= David Ewen (politician) =

New Zealand businessman (1884–1957)

Sir David Alexander Ewen (1884 – 7 April 1957) was a New Zealand businessman, soldier and politician.

==Biography==
Ewen was born in Middlesex in 1884. He was educated at Mill Hill School. In 1912 he married Marian Nathan. The next year they moved to New Zealand where they had one daughter and two sons. He began a successful business career as the managing director of Sargood Sons & Ewen Ltd. He was also chairman of the Sargood Trust, a charity the company funded to help crippled children throughout New Zealand.

He served in World War I with the New Zealand Field Artillery unit and was later an embarkation officer from 1915 to 1917. After the war he was appointed a Member of the Order of the British Empire (Military) in the 1919 Birthday Honours. He was an assistant embarkation officer in the World War II, with the rank of major.

At the 1923 local elections he was elected to the Lower Hutt Borough Council. His main ambition as a councillor was to upgrade the Hutt Bridge which was on its fifth iteration (built in 1904) and was struggling to cope with traffic levels as well as accommodating motor vehicles. A new bridge with a higher capacity for traffic was constructed and eventually opened in 1929. Its name was changed to the Ewen Bridge in his honour.

In 1934 he was appointed as an inaugural director of the Reserve Bank of New Zealand, as a Government nominee. In 1941 he became a director of the Australian Mutual Provident Society.

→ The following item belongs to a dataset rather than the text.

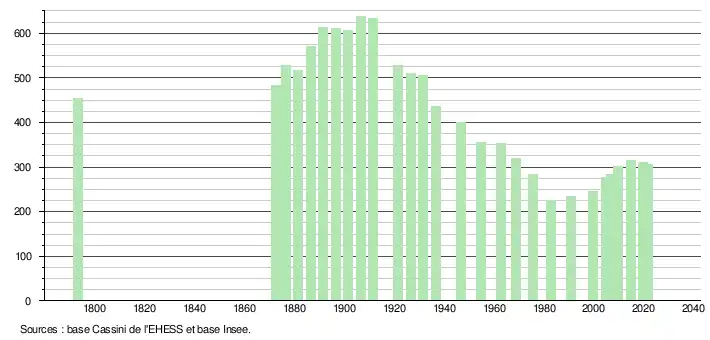 L'évolution du nombre d'habitants est connue à travers les recensements de la population effectués dans la commune depuis 1793. Pour les communes de moins de 10 000 habitants, une enquête de recensement portant sur toute la population est réalisée tous les cinq ans, les populations légales des années intermédiaires étant quant à elles estimées par interpolation ou extrapolation[30]. Pour la commune, le premier recensement exhaustif entrant dans le cadre du nouveau dispositif a été réalisé en 2004[31].

In the 1946 New Year Honours, Ewen was appointed an Officer of the Order of the British Empire for service as a member of the Supply Council. He was made a Knight Commander of the Order of the British Empire in the 1952 New Year Honours. He was involved with the boy scout movement and in 1953 he was awarded the highest scout service award Silver Wolf.

Ewen was an art enthusiast and donated many pictures to the National Art Gallery. For six years (1932 to 1938) he was president of the New Zealand Academy of Fine Arts, and until his death was a member of the board of trustees of both the National Art Gallery and Dominion Museum. He was also a former New Zealand governor of Rotary International.

Ewen died in 1957, aged 73. He was survived by his wife and three children.